The deer and elk here are not people trained, nor are they at all tame. Nor are they the same deer and elk over and over. They spook very easy. We are way out in the boonies here, on a logging road that dies about a mile past us. Out here are literally 100s of square miles of nothing but logging roads and trees around us. We have over 100 acres here. They wander in here for the apple trees and easy pickings in my gardens. That does not make they 'easy game' in the sence that you are referring to. They are just as tough to shoot here as up in the mountains behind us. 

The turkeys are another matter. They seem to like the people fringe, and wander around the range of private properties out here. They go for miles in a day, all over. Huge groups, and smaller groups. We had a peacock come in with a flock of turkeys last year. Turned out to belong to a lady a few miles down the road and we returned it to her last month.


----------



## musch (Mar 26, 2007)

I know what you mean. I sat watching deer wander around for two days right in front of my stand last year. 

Finally the third day, I spotted the right 8 pointer. 

But just to shoot a deer? Piece of cake. Couple of friends got does to fill the freezer. 

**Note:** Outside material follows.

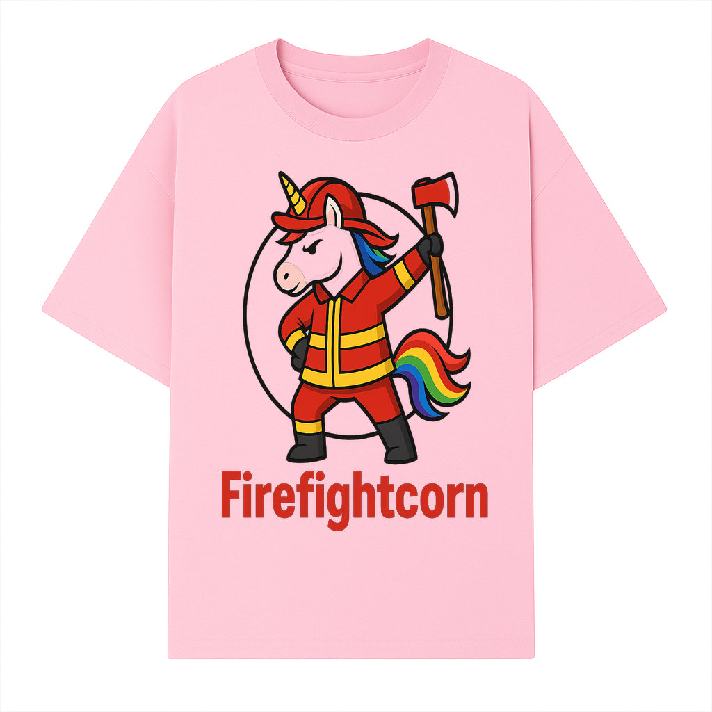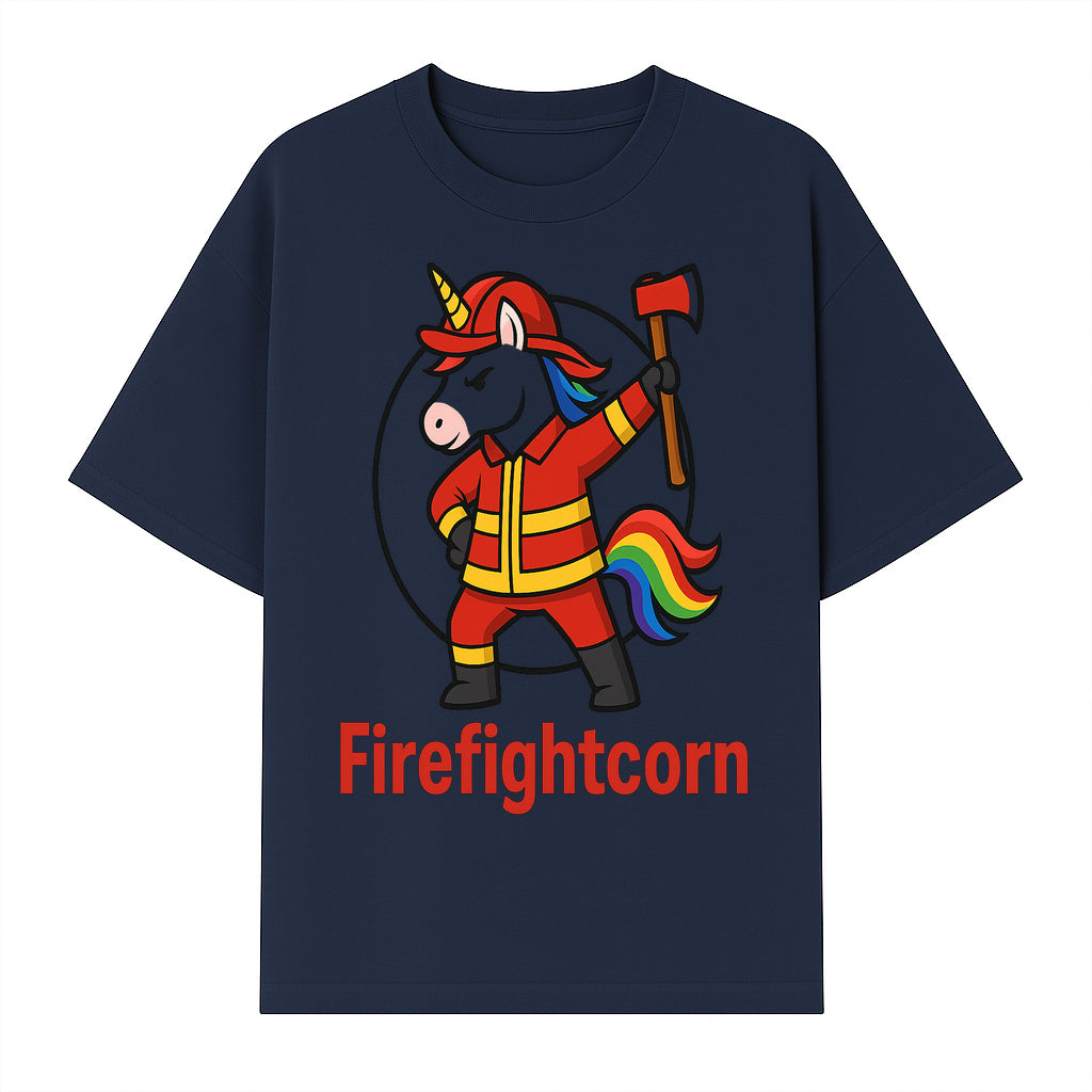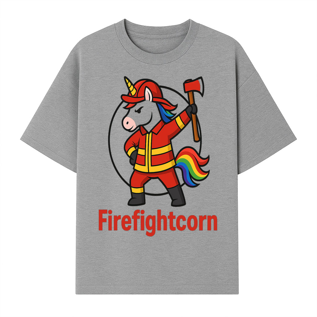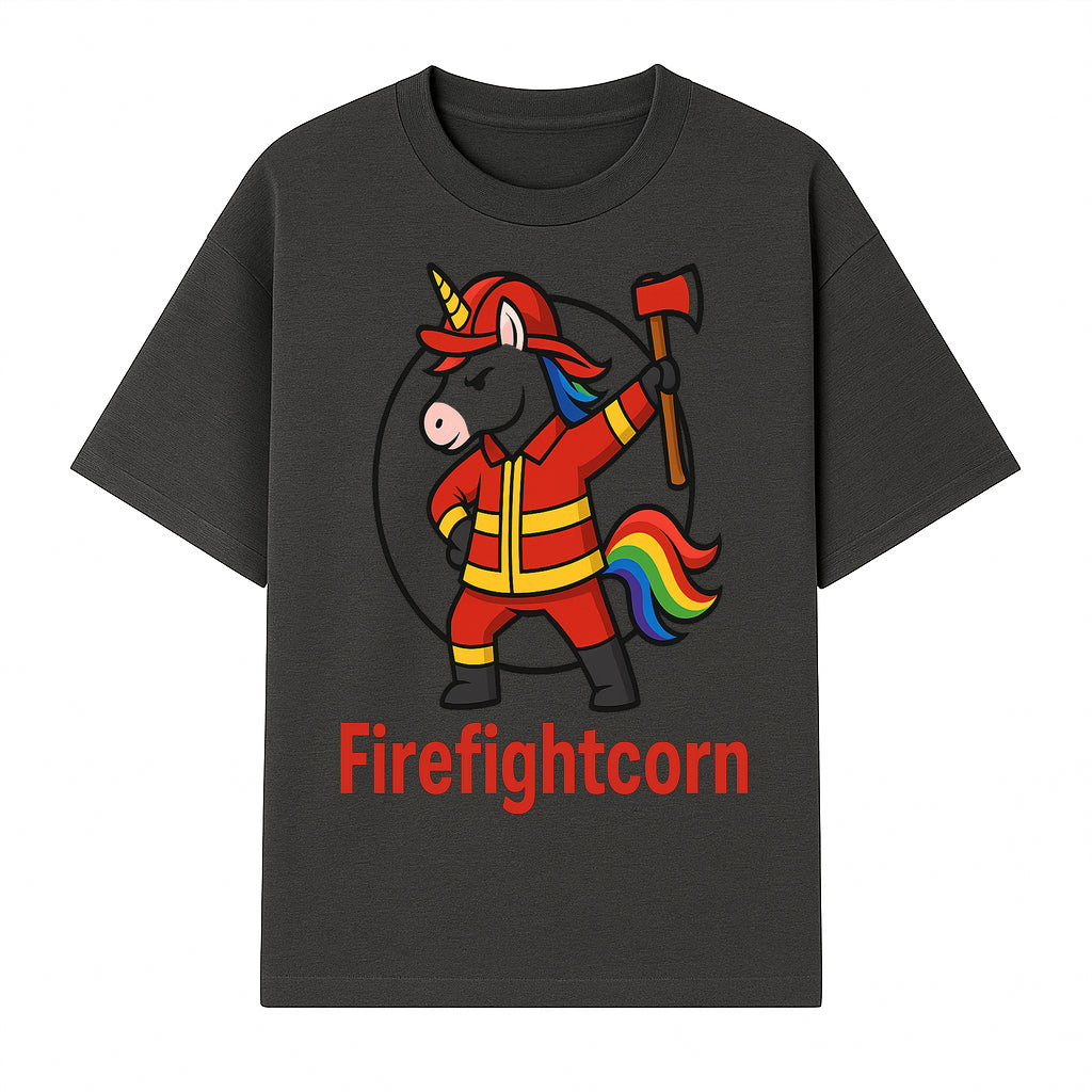 Firefightcorn Unicorn Hero T-Shirt | Cute Firefighter Graphic Tee | Rainbow Mane Casual Wear for Kids & Adults - T-shirt
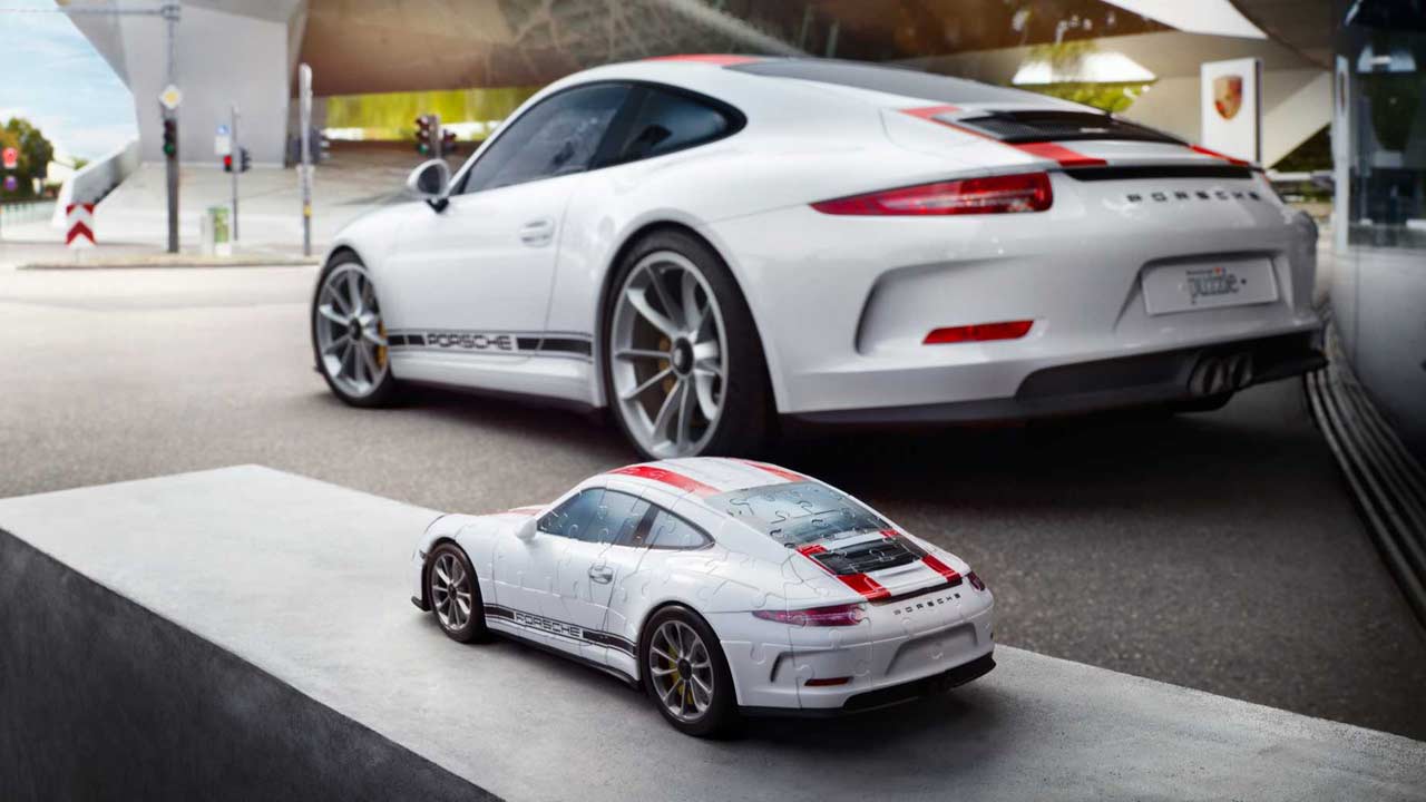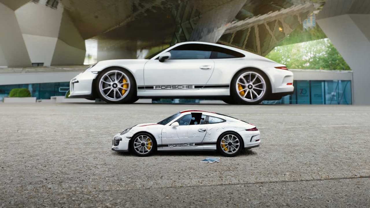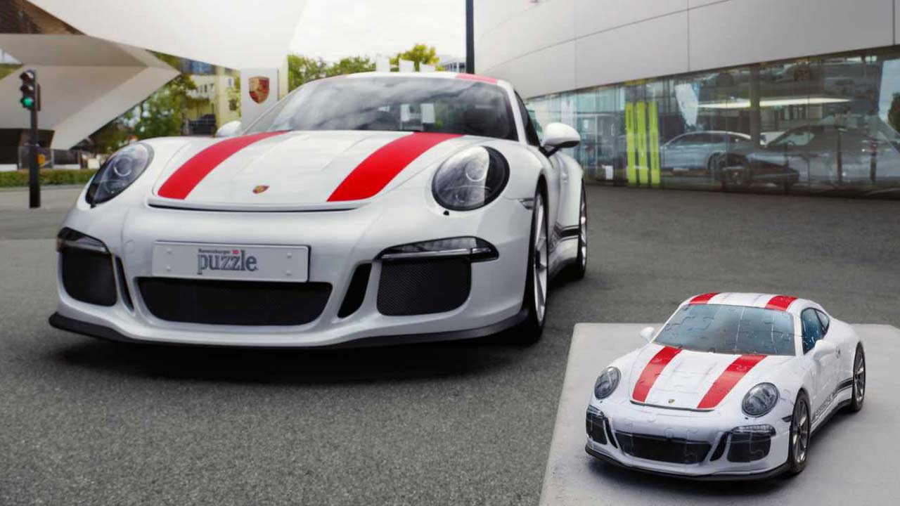 Και όμως υπάρχουν και κάποια puzzle με τα οποία θα μπορούσαμε με ευχαρίστηση να ασχοληθούμε. Ένα από αυτά είναι και το 3D puzzle της εταιρείας Ravensburger, το οποίο απεικονίζει την Porsche 911 R.

Turkeys, on the other hand, are still fascinating to me. I am hooked on turkey hunting, as I have only been doing it a few years, and they are much more of a challenge, where I have been hunting, anyways.


----------



## ropensaddle (Mar 27, 2007)

musch said:


> I know what you mean. I sat watching deer wander around for two days right in front of my stand last year.
> 
> Finally the third day, I spotted the right 8 pointer.
> 
> ...


challenge is right they literally have eyes in the back of there heads and after opening day the dumb ones are dead! Here retirees are a hunters nightmare they have all the time in the world go around two weeks before season to all plots and locate. They usually focus on easy to get to birds, so I hunt way in usually two miles is far enough away from roads to get on birds that will at least talk. I hate when they hen up but I usually get a few chances with enough persistence and work. The next gobbler I get I think I will mount in strut instead of just the fan because they are a true trophy.:rockn:


----------



## 046 (Mar 27, 2007)

really fortunate to have access to lands owned by Osage indians back before statehood. 

needless to say these are pristine deer hunting grounds.


----------